Filomena
In the course of doing research about our family history, my brother recently managed to locate some relatives who sent him the above photograph of our great-grandmother. Her maiden name was Filomena Rossi. She was born in Italy, and came to New York in the 1880s. She married another Italian immigrant, named Traiano Miranda, and they had five children, the eldest of which was Assunta, my father's mother.
Seeing her face feels a little like traveling back in time for a kiss. I never knew what she looked like, but she was immediately familiar to me. The eyes especially...my father had eyes like that...also the nose, and the line of her jaw. I see something of her features in my siblings, and I see her in myself, and I wish I knew more of her story, but I know that it beats in my heart. I recognize the kindness and sorrow and love in the face of Filomena, and it gives me a sense of continuity and comfort.
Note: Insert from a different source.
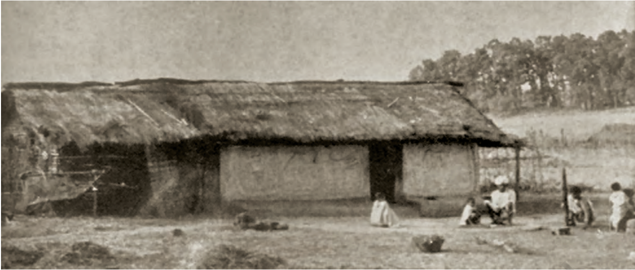
Fig. 13 – A village in Central India where the Agarias – a community of iron smelters – lived.

Some communities like the Agarias specialised in the craft of iron smelting. In the late nineteenth century a series of famines devastated the dry tracts of India. In Central India, many of the Agaria iron smelters stopped work, deserted their villages and migrated, looking for some other work to survive the hard times. A large number of them never worked their furnaces again.

I carry her hopes, and I feel her strength.I know she crossed an ocean and bore children and lived in a Brooklyn tenement, and now, as implausible as it seems, the daughter of one of her grandsons is sitting in a house above an orchard in the California hills, thinking about her.
A verse from John O'Donohue's beautiful Beannacht comes to mind:
May the nourishment of the earth be yours,
May the clarity of light be yours,
May the fluency of the ocean be yours,
May the protection of the ancestors be yours.